Uses `System.tmp_dir!() <> "/diag-<random>"` for the dump dir; cleans up on exit.
### `shell_test.exs` (extension)
One new test confirming that when dumping is on, `Shell.run/2` appends to `commands.log`. Uses a config where the shell command is `echo hello` so the test is deterministic and doesn't require `zpool` on the test host.
### `reporter` integration
Skipped — `Reporter` is a Slipstream client whose integration is awkward to mock. The `Diagnostics.log_sample/2` call is a one-line invocation with no branching; covering it via `diagnostics_test.exs` is sufficient.
## Risks
- **File size growth** — accepted. Verification is a bounded activity. A fast-path zpool status of ~12 KB every 30 s is ~35 MB/day. Bigger hosts more. User turns off when done.
- **Writer backlog** — if the writer GenServer falls behind (shouldn't, given small message rates — fast is ~30 s, medium ~5 min, slow ~30 min, and Shell calls are serialized by the collectors anyway), casts queue in the mailbox. Not a production concern; debug feature.
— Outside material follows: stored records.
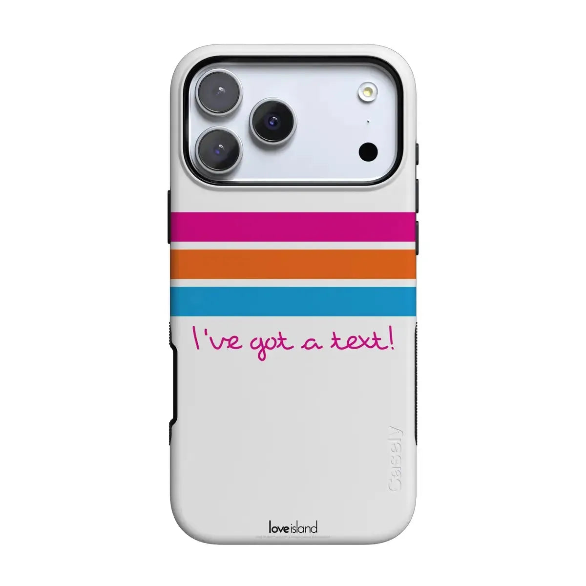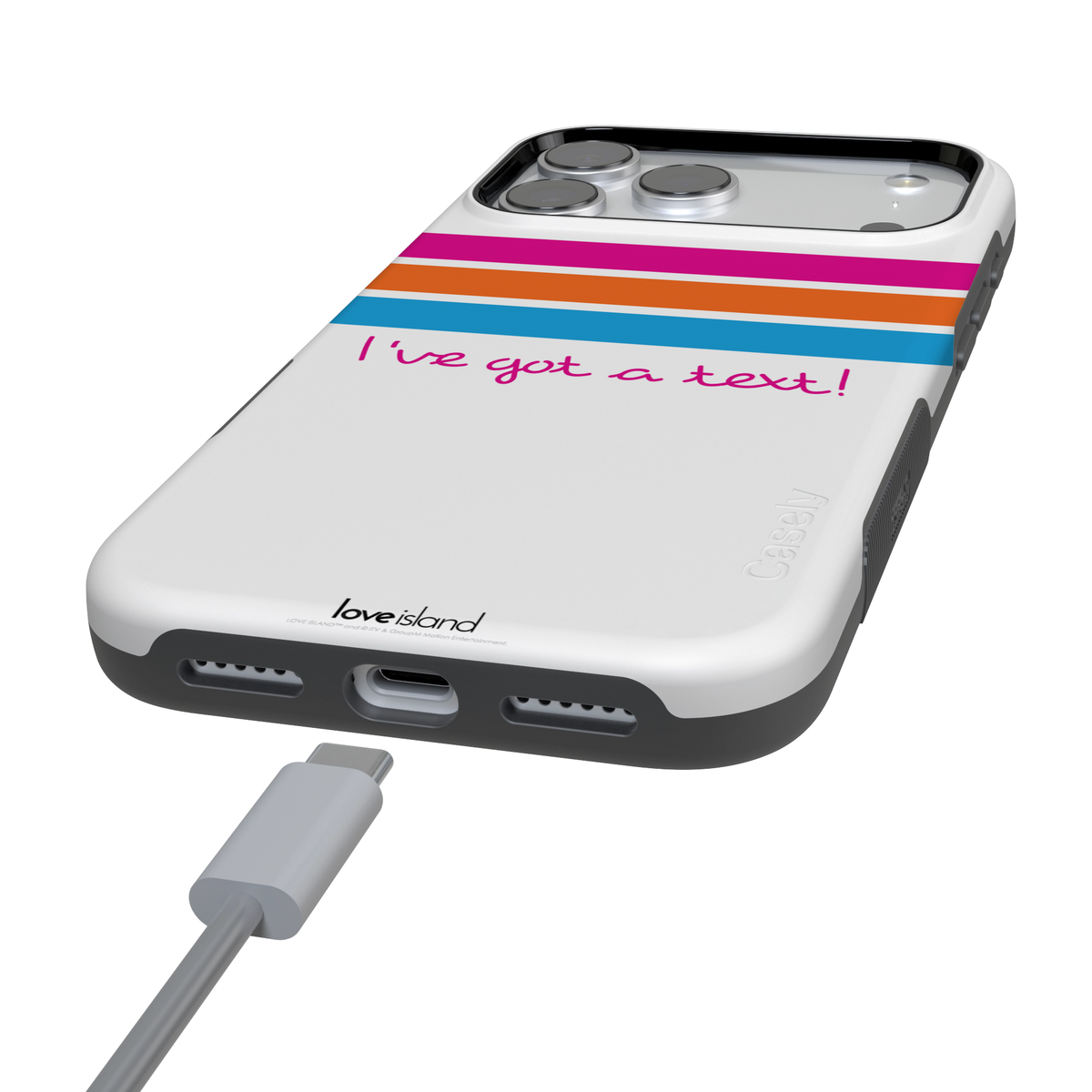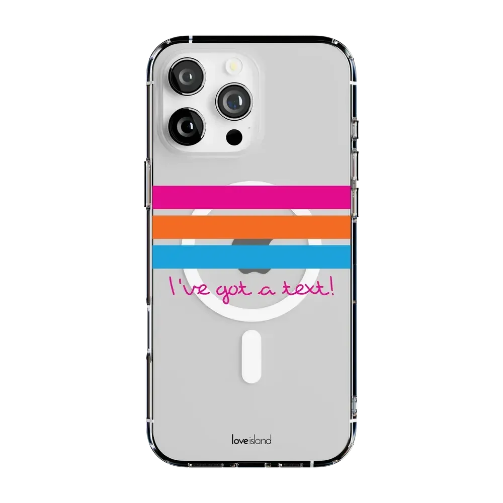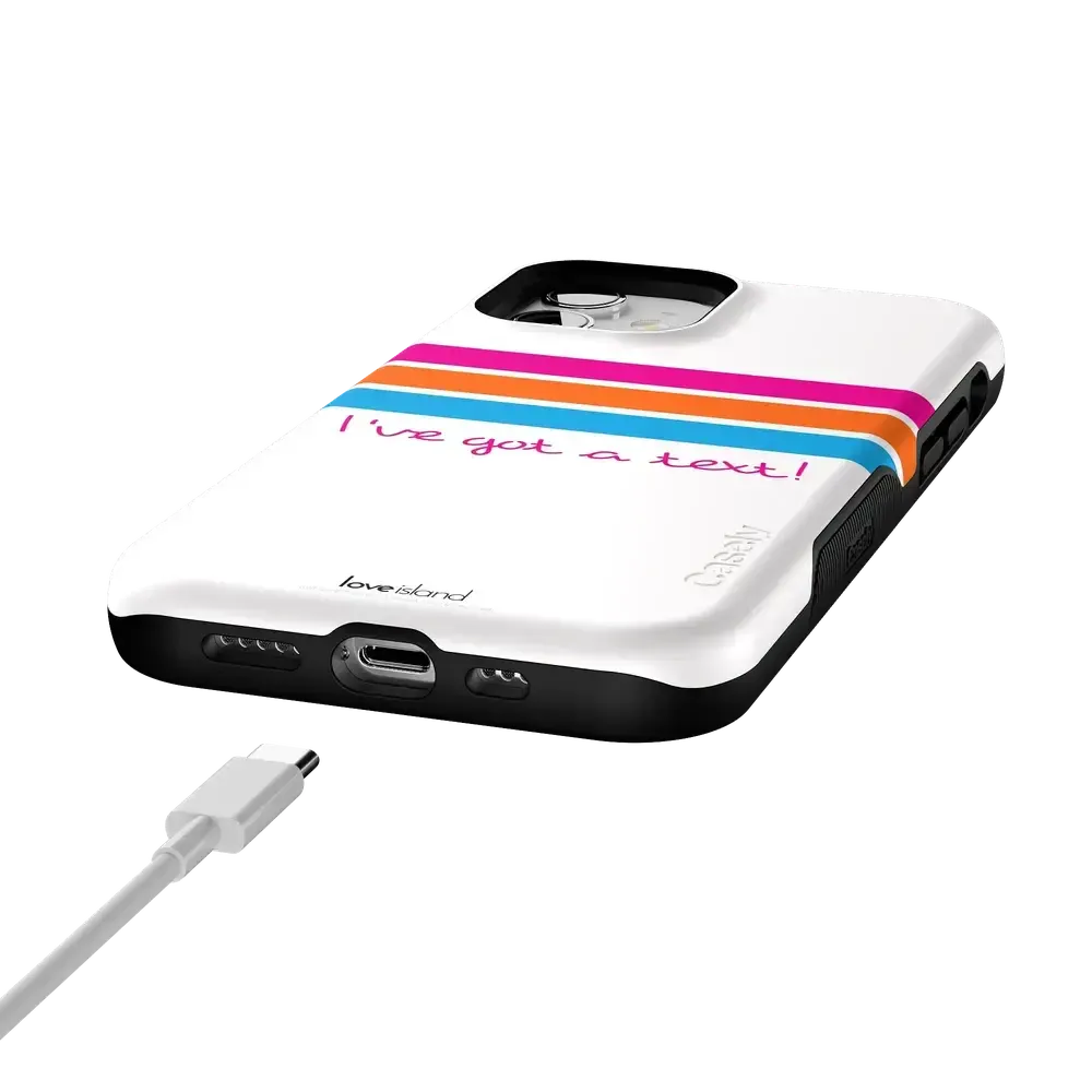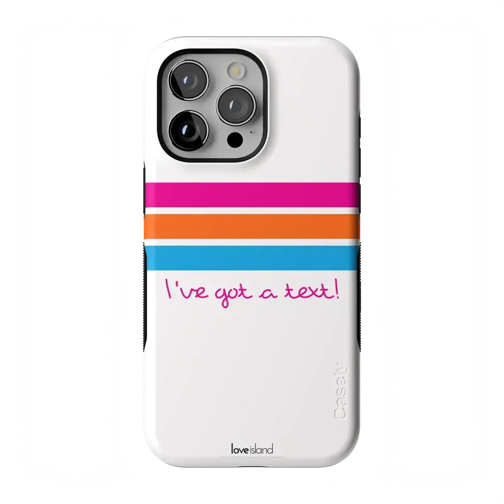 I've got a text! The most iconic message in reality TV history now lives rent-free on your phone case. The official Love Island Case features the show’s signature stripes and the unforgettable phrase in flirty pink script, all on a sleek case. It’s cute, colorful, and ready to turn heads—just like you. Designed for maximum protection and peak villa vibes, this case is your summer essential whether you're poolside, beach-bound, or cracking on in the group chat. Officially licensed and 100% your type on paper.
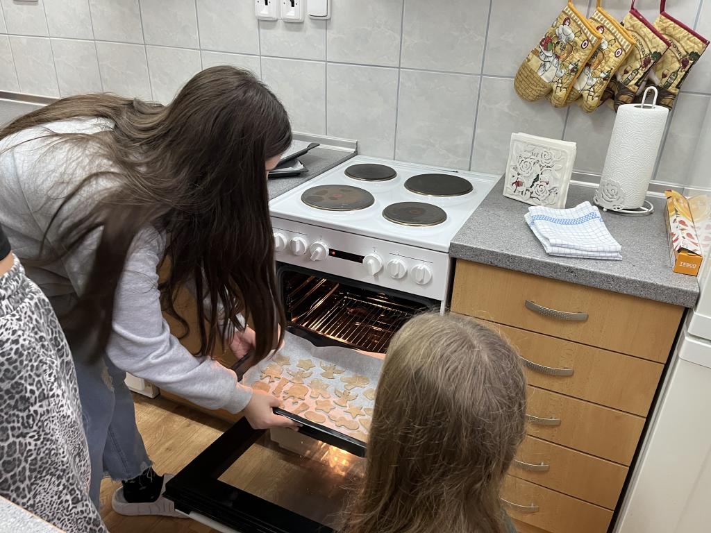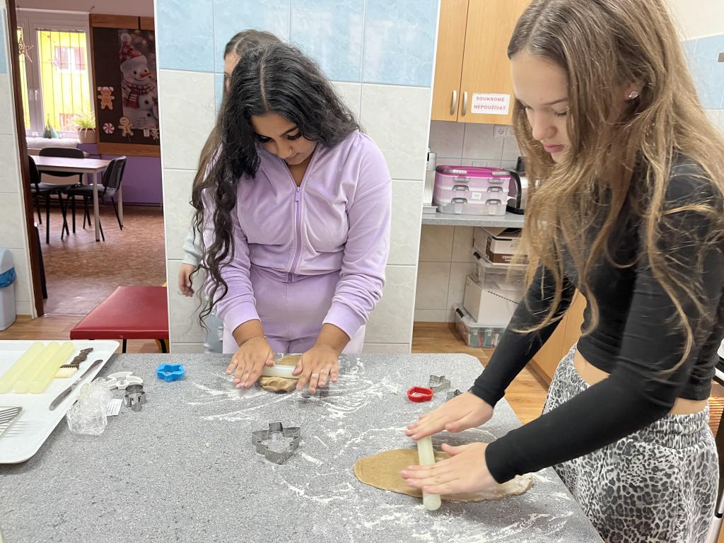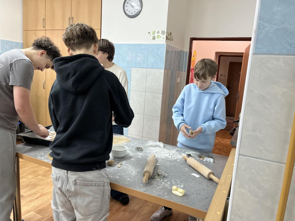 Vyrazili jsme do DDM provonět místní kuchyň. Pustili jsme se do pečení perníčků a brzy to vypadalo, že těsto mizí rychleji, než se stíhá vykrajovat. Některé perníčky byly ukázkové, jiné trochu originální… ale všechny chutnaly skvěle.
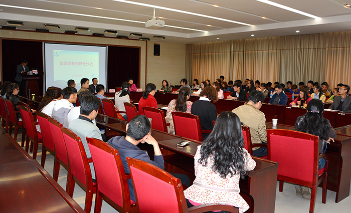 黎素梅校长在仪式上介绍了金教授的基本情况,代表学校向金教授对beat365物科系的发展所作出的努力表示感谢,同时指出金教授到物科系以来,工作认真负责,对beat365官方网站及物科系的发展都具有十分重要的意义!
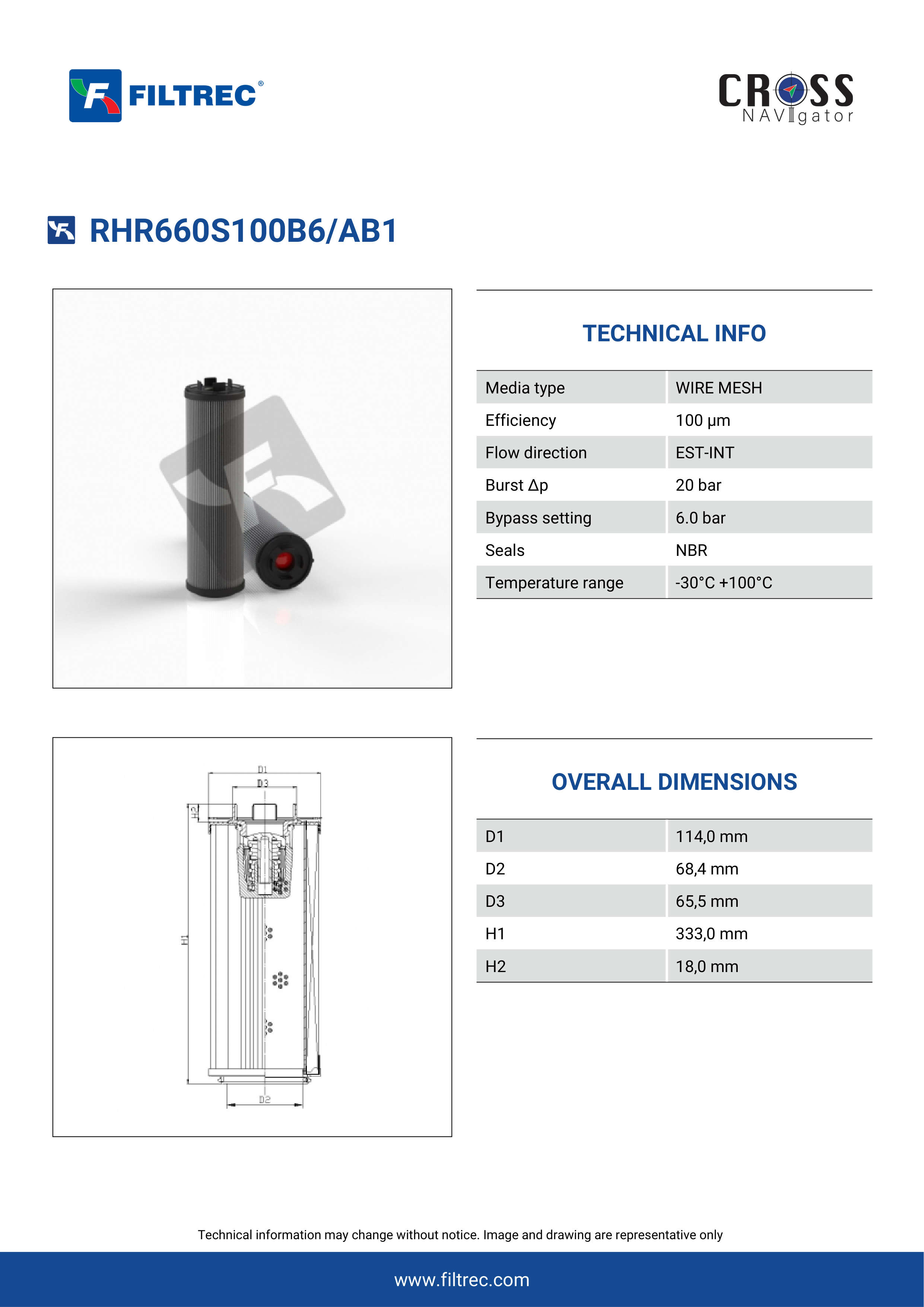 Genuine Filtrec RHR660S100B6/AB1. This Filtrec element is designed to meet or exceed the quality and performance of brand OEM’s ensuring superior filtration performance and long-lasting durability.Engineered with their high performance media and a durable design, the RHR660S100B6/AB1 provides reliable and consistent performance over its lifespan, even in harsh operating environments. When you order from FilterFinder, you can trust that you are getting a reliable and high-quality replacement filter that will keep your system running smoothly.
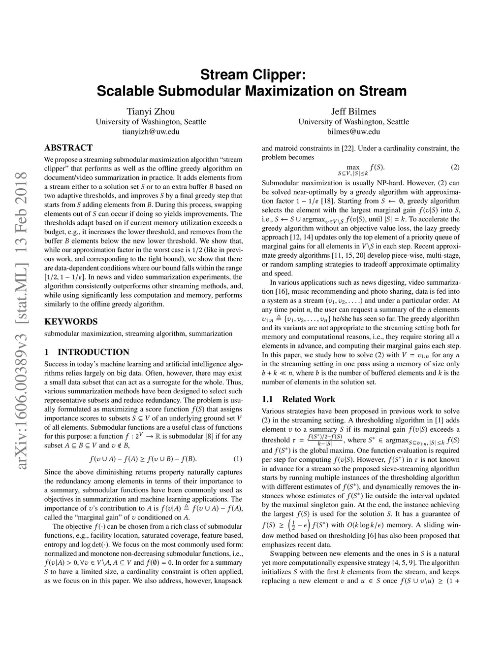 Stream Clipper: Scalable Submodular Maximization on Stream
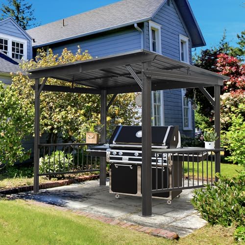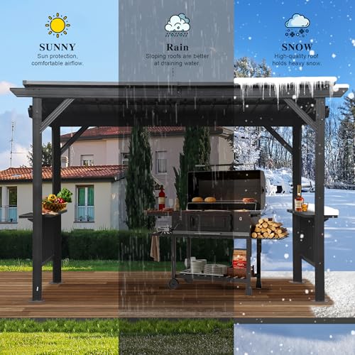 Sloping Hard Top Design- Featuring powder-coated galvanized steel roof, this hardtop gazebo resists UV rays and corrosion, ensuring long-lasting durability. The sloped design allows rainwater to run off efficiently and enhances ventilation for wind and smoke flow, keeping your grilling space protected and functional in various weather conditions.
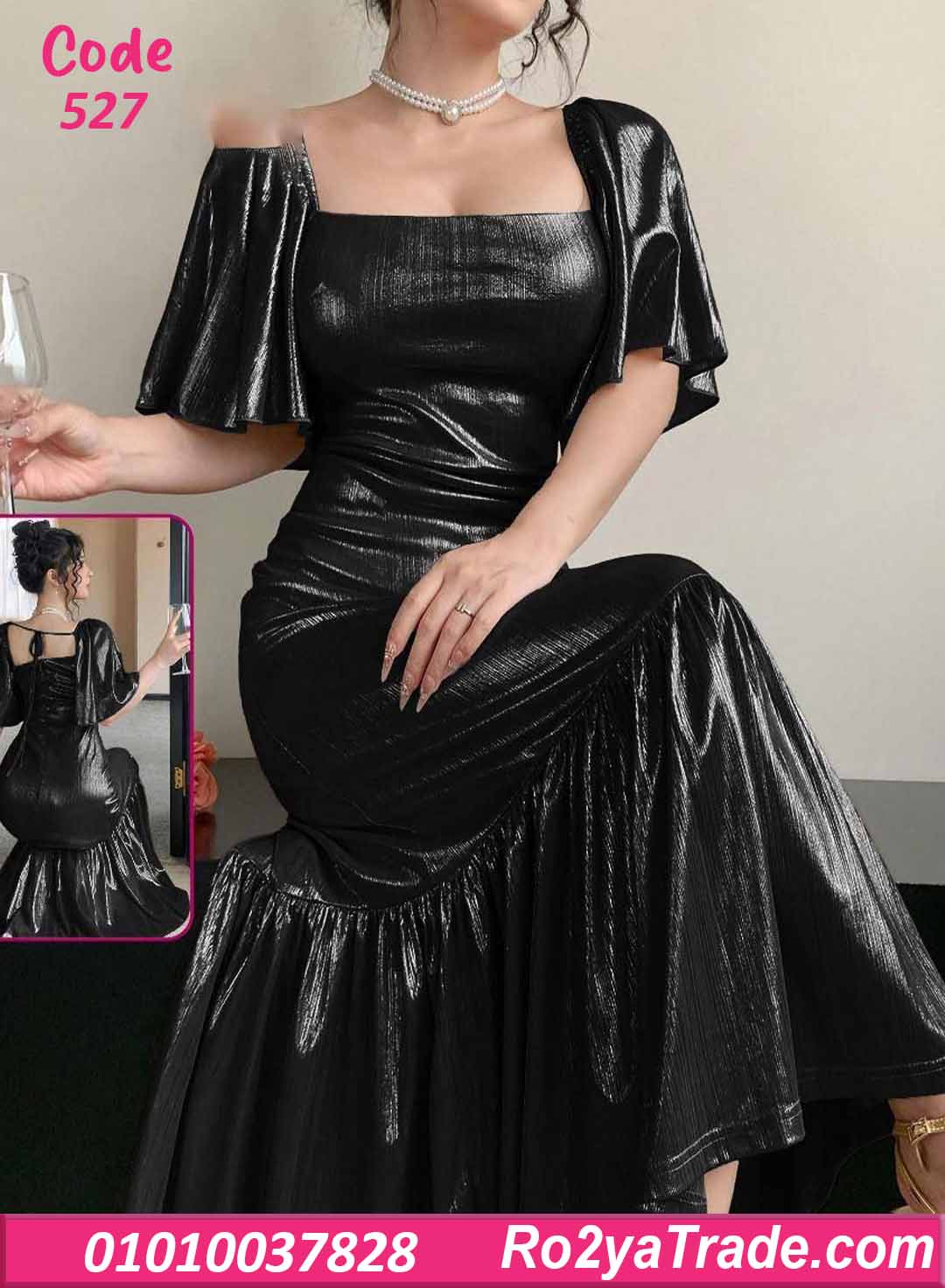 فستان أسود لامع بتصميم أنيق يخطف الأنظار ويخلي حضورك مختلف في أي مناسبة ✨🖤

- **Concurrent shell errors during writer start** — if `Shell.run/2` fires before `Diagnostics.Writer` is up, `log_command` no-ops because `Application.get_env` returns nil until `configure/1` runs. The supervision order — Diagnostics.Writer before Reporter — ensures the dump path is primed before any collectors fire.
## Rollout
Additive. Default off. Operator enables by editing `agent.toml` and restarting the service. No migration, no impact on server or dashboard.